#### Required action
The lines below from the one with "Радиоимитация – создание" up to and including the one with "Via de entree" are what you should set down, exactly and without pictures.

-- Material for this task follows --

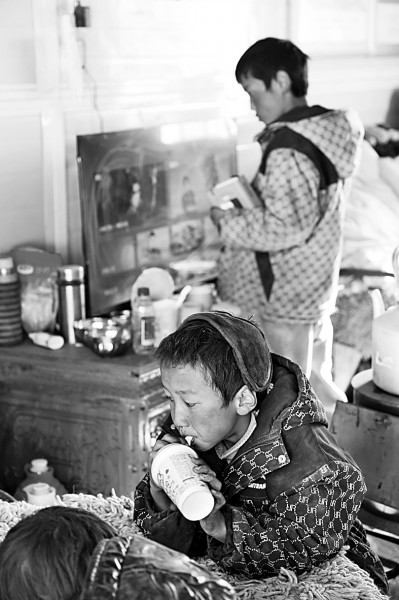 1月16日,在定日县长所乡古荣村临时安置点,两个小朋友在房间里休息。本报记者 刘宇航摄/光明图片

-- Material for this task concluded --
-- Material for this task follows --

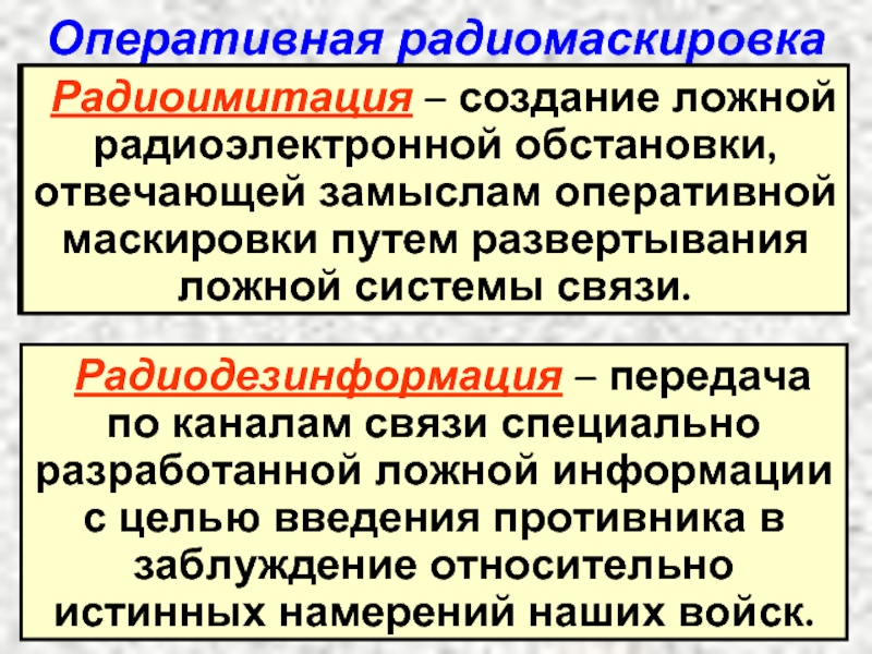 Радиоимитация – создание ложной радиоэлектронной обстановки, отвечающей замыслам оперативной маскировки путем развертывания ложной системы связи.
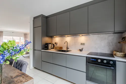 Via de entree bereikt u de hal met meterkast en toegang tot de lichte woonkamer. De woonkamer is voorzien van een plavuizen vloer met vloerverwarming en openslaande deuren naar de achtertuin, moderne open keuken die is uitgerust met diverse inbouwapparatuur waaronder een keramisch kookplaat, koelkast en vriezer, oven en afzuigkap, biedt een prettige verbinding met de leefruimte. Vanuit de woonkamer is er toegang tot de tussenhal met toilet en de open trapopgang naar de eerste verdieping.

-- Material for this task concluded --

#### Final answer
 Радиоимитация – создание ложной радиоэлектронной обстановки, отвечающей замыслам оперативной маскировки путем развертывания ложной системы связи.
 Via de entree bereikt u de hal met meterkast en toegang tot de lichte woonkamer. De woonkamer is voorzien van een plavuizen vloer met vloerverwarming en openslaande deuren naar de achtertuin, moderne open keuken die is uitgerust met diverse inbouwapparatuur waaronder een keramisch kookplaat, koelkast en vriezer, oven en afzuigkap, biedt een prettige verbinding met de leefruimte. Vanuit de woonkamer is er toegang tot de tussenhal met toilet en de open trapopgang naar de eerste verdieping.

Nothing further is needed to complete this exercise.